Only the lines below from the one containing "Pěkný pohled na" through the one containing "예) 실제로 가능한 m(평균)의" belong in the answer, repeated exactly and without pictures.

DATASET ENTRIES:
- - - -
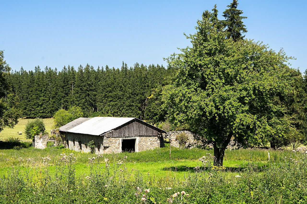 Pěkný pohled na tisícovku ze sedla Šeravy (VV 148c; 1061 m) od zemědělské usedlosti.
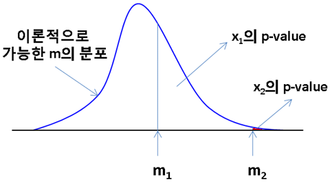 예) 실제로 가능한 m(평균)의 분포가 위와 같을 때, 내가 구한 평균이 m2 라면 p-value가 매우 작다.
- - - -
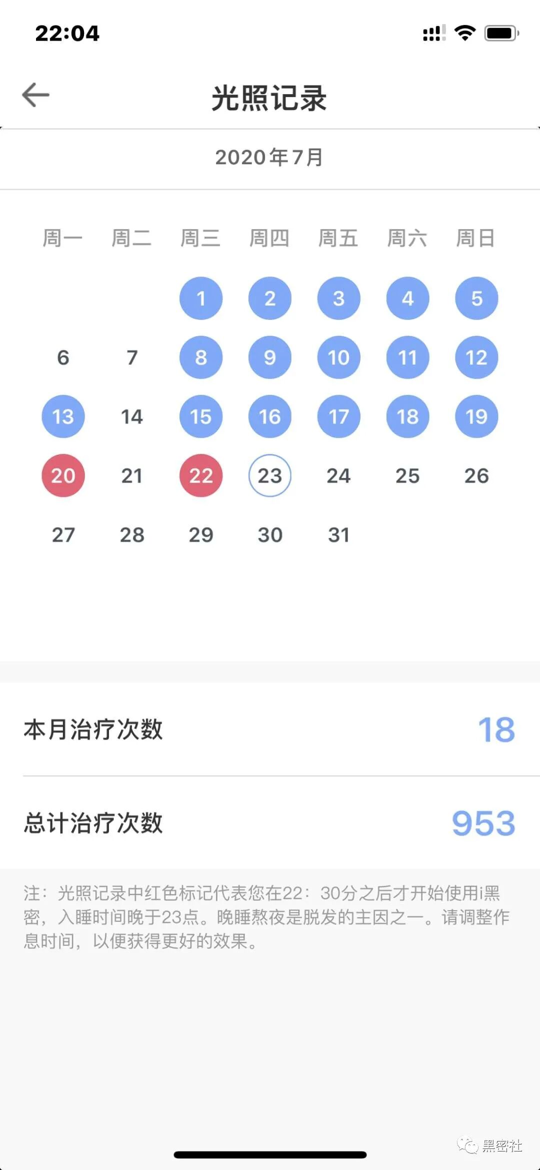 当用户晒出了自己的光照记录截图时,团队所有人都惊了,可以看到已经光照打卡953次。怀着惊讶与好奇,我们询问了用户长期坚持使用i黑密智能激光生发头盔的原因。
- - - -
ANSWER BELOW:
 Pěkný pohled na tisícovku ze sedla Šeravy (VV 148c; 1061 m) od zemědělské usedlosti.
 예) 실제로 가능한 m(평균)의 분포가 위와 같을 때, 내가 구한 평균이 m2 라면 p-value가 매우 작다.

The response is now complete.